(Extracted material)

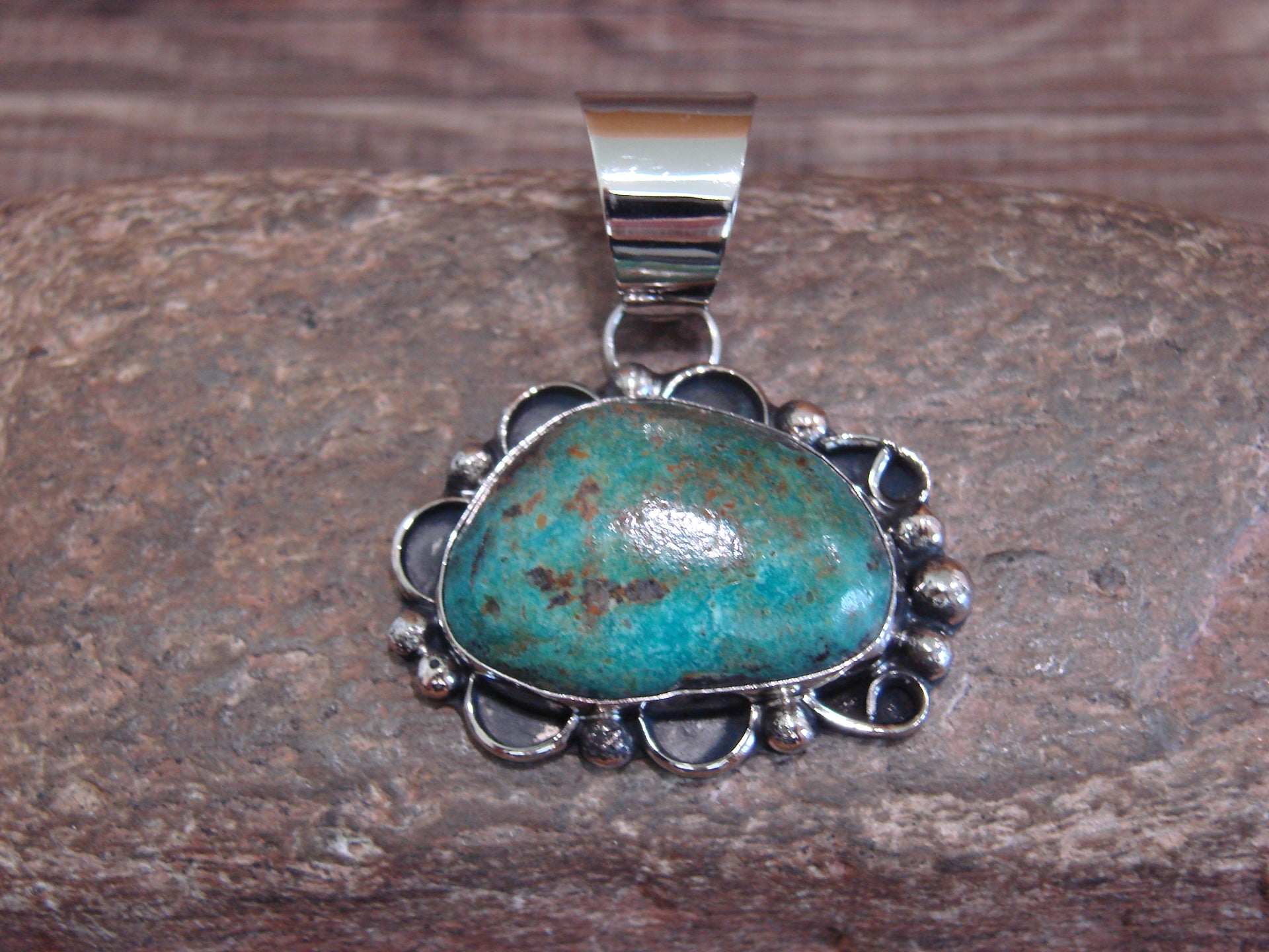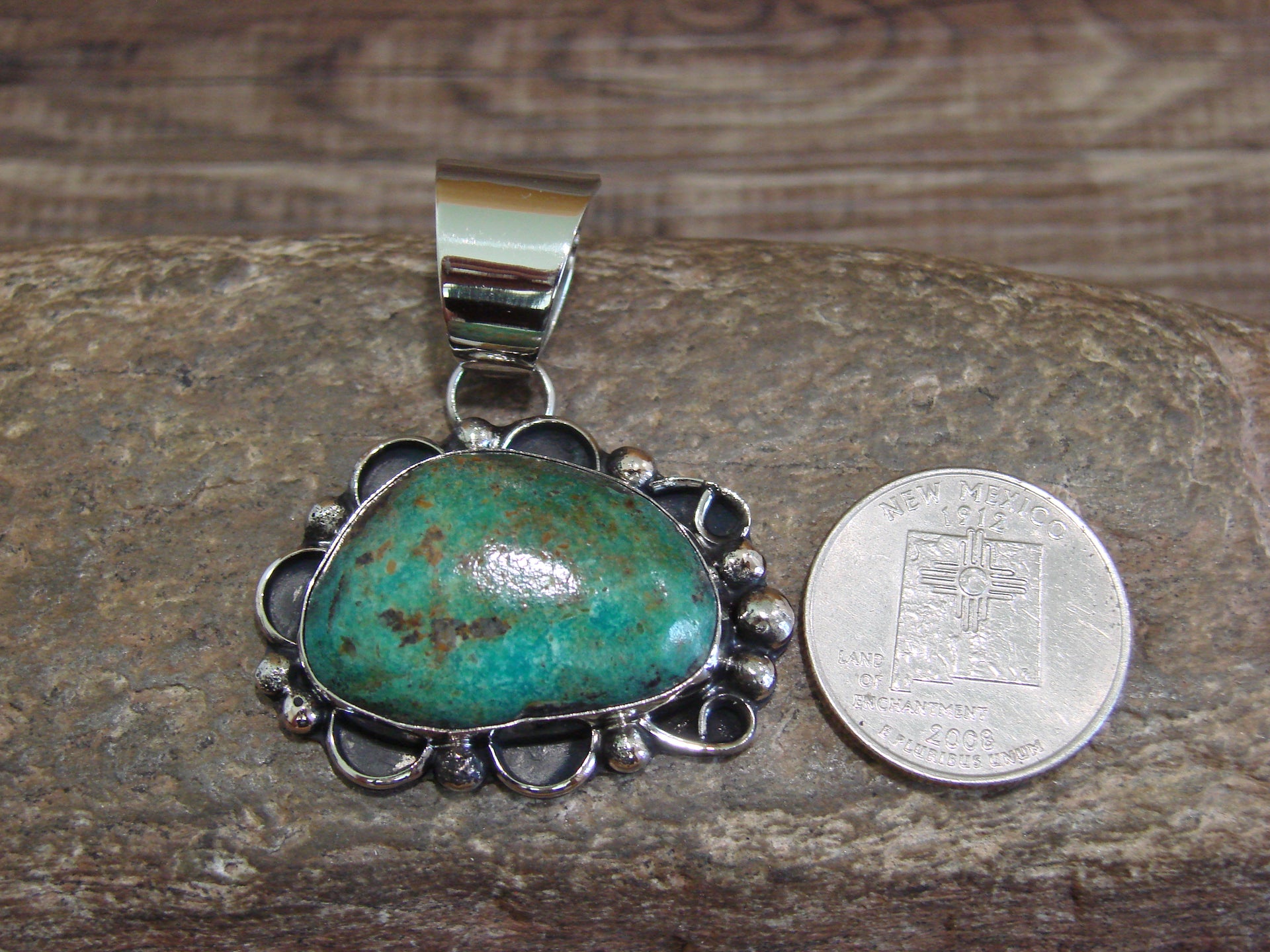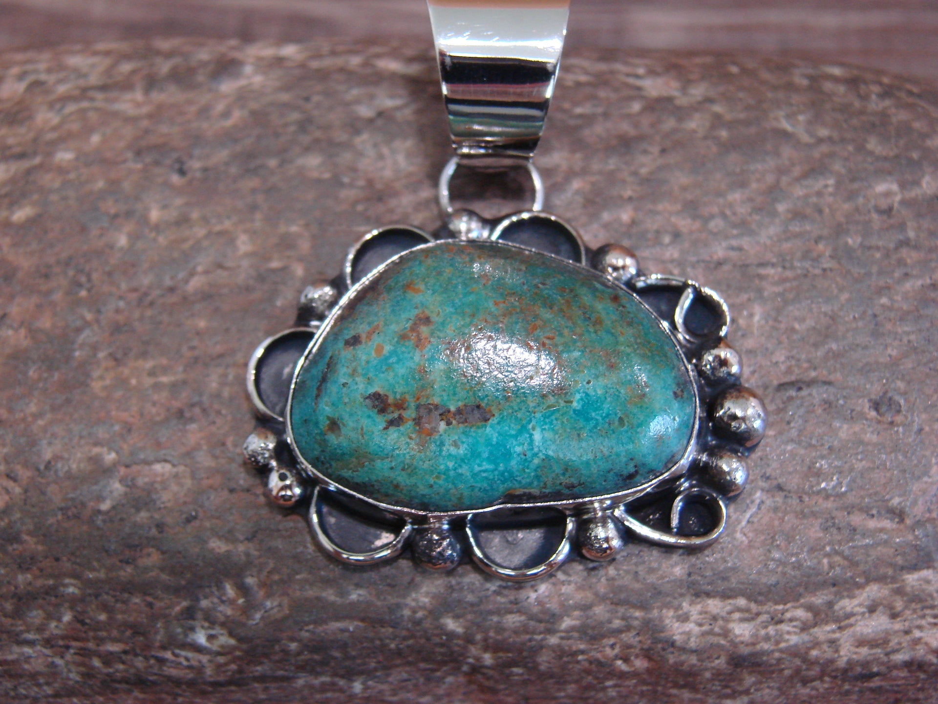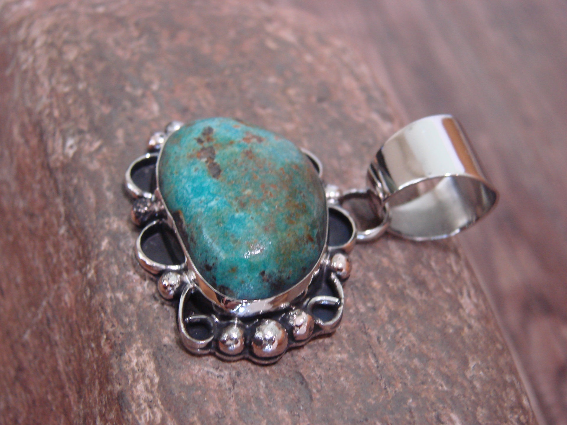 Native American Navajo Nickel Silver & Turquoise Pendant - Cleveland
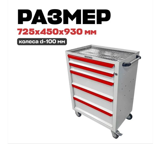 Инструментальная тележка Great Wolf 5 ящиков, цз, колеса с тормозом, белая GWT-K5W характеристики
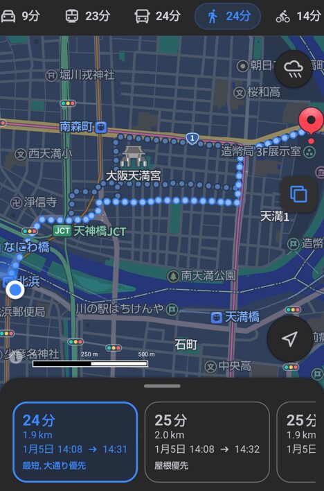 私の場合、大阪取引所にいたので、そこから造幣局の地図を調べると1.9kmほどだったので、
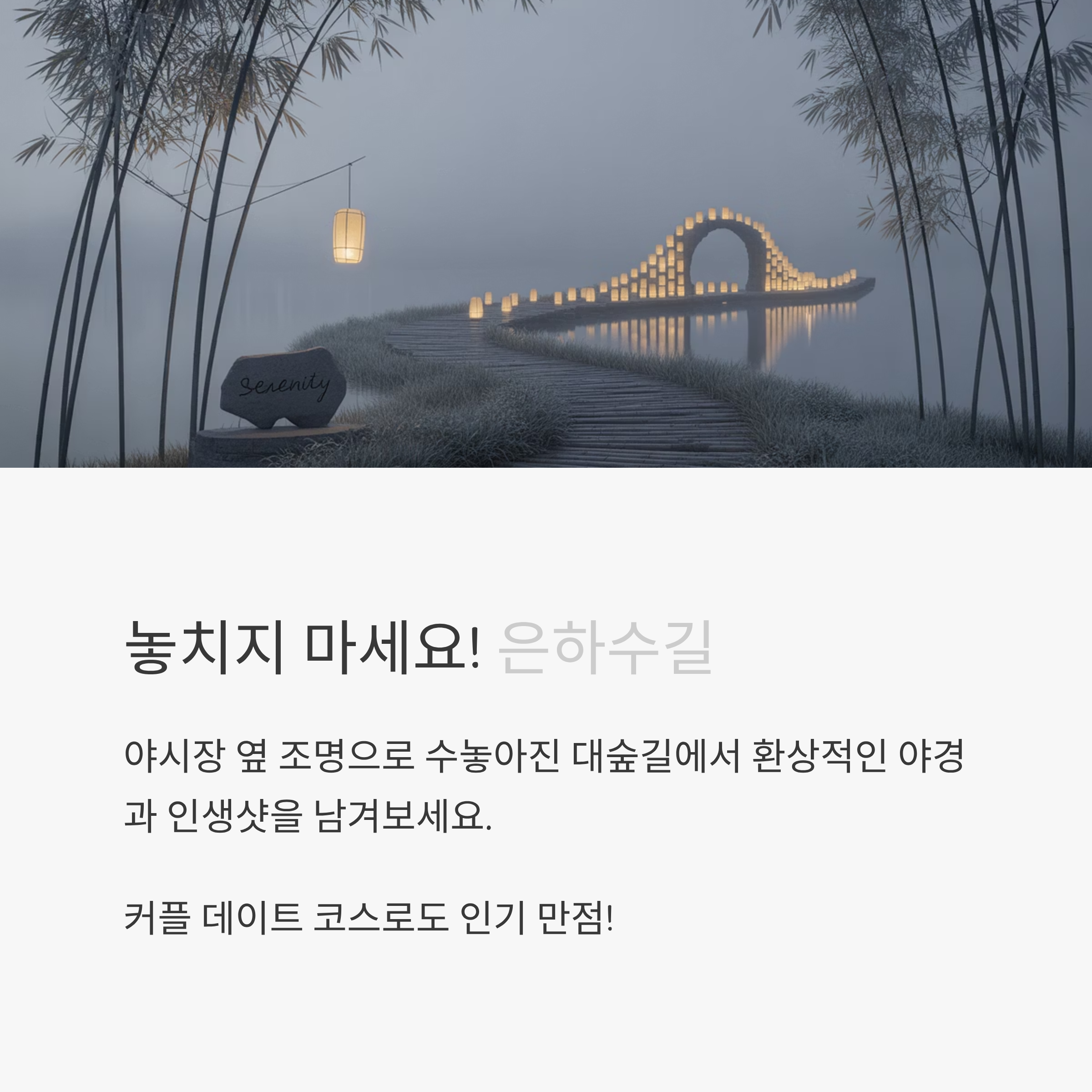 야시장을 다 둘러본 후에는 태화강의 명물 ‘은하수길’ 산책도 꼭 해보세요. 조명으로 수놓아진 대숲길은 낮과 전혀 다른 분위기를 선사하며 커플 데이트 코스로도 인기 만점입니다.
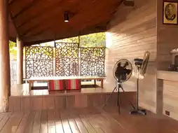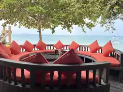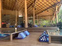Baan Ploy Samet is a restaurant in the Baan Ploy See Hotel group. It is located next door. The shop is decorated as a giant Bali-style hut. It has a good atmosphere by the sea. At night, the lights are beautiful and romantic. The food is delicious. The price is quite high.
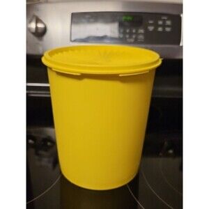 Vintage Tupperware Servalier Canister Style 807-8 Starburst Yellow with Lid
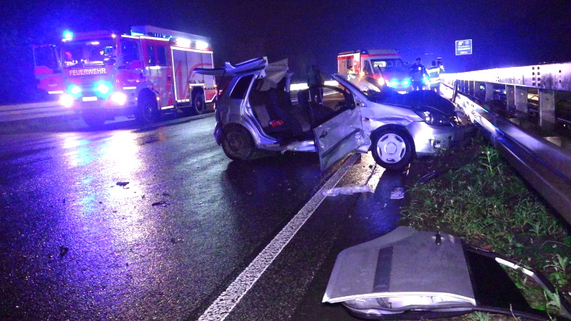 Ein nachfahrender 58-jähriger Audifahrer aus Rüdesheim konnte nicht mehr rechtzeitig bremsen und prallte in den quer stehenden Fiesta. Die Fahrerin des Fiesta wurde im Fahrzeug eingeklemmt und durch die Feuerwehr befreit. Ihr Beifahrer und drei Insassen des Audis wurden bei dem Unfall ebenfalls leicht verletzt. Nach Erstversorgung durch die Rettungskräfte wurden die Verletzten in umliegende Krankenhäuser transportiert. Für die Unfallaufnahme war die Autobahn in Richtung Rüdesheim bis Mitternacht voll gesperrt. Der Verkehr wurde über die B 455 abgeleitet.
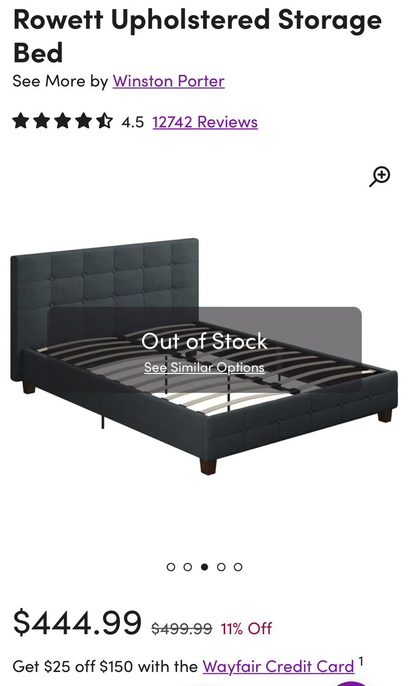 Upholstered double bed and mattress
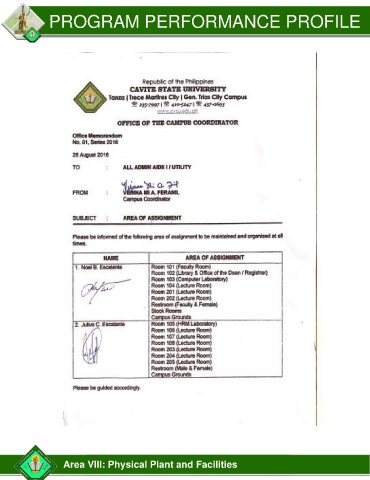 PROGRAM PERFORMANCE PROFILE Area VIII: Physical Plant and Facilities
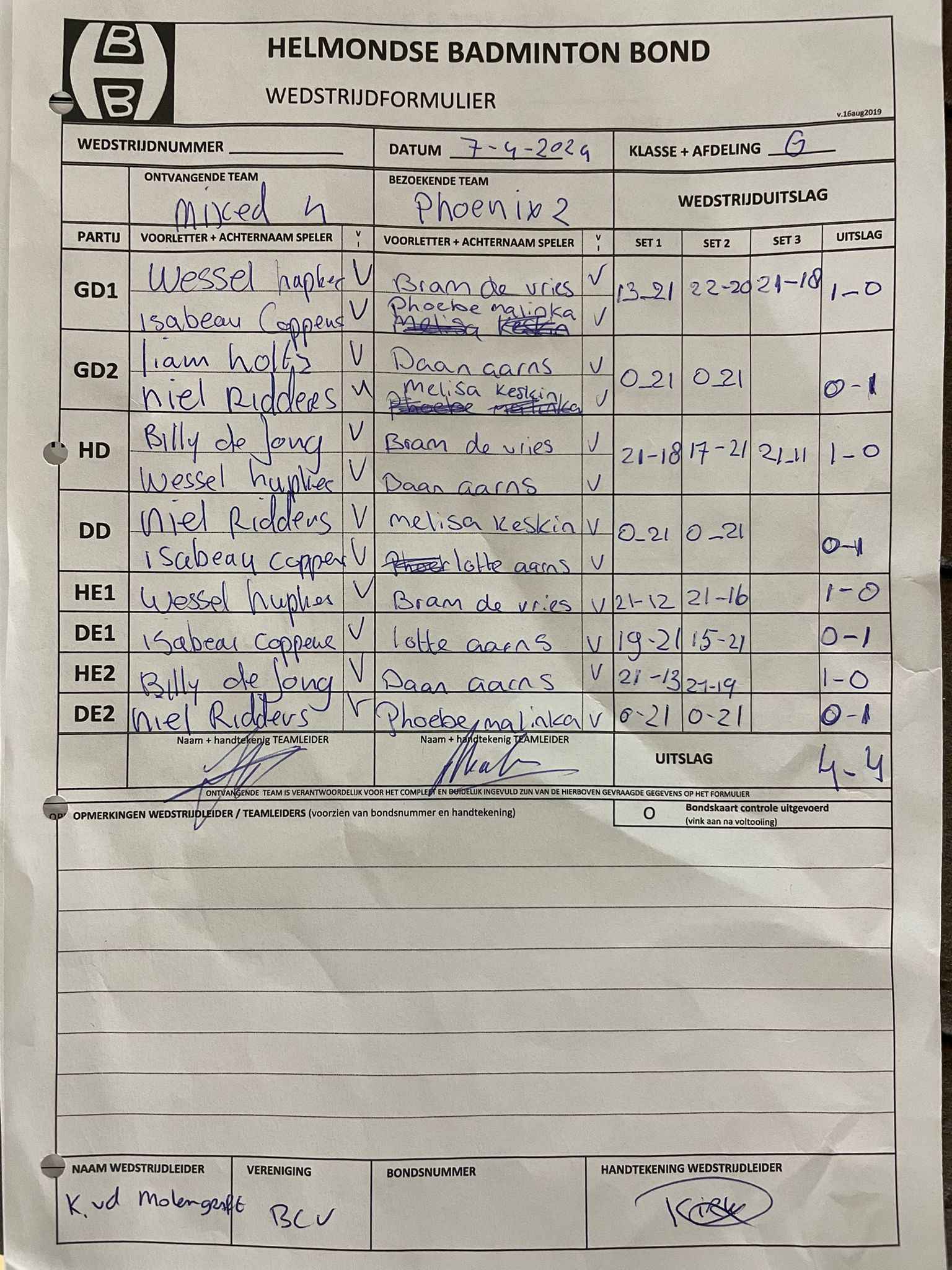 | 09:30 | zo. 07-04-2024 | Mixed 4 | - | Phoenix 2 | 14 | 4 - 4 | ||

(End Extracted material)

- Task statement:
From the first line of the material down to the line containing "Vintage Tupperware Servalier", inclusive, return each line exactly, skipping any picture.

- Response box:
 Native American Navajo Nickel Silver & Turquoise Pendant - Cleveland
 Инструментальная тележка Great Wolf 5 ящиков, цз, колеса с тормозом, белая GWT-K5W характеристики
 私の場合、大阪取引所にいたので、そこから造幣局の地図を調べると1.9kmほどだったので、
 야시장을 다 둘러본 후에는 태화강의 명물 ‘은하수길’ 산책도 꼭 해보세요. 조명으로 수놓아진 대숲길은 낮과 전혀 다른 분위기를 선사하며 커플 데이트 코스로도 인기 만점입니다.
Baan Ploy Samet is a restaurant in the Baan Ploy See Hotel group. It is located next door. The shop is decorated as a giant Bali-style hut. It has a good atmosphere by the sea. At night, the lights are beautiful and romantic. The food is delicious. The price is quite high.
 Vintage Tupperware Servalier Canister Style 807-8 Starburst Yellow with Lid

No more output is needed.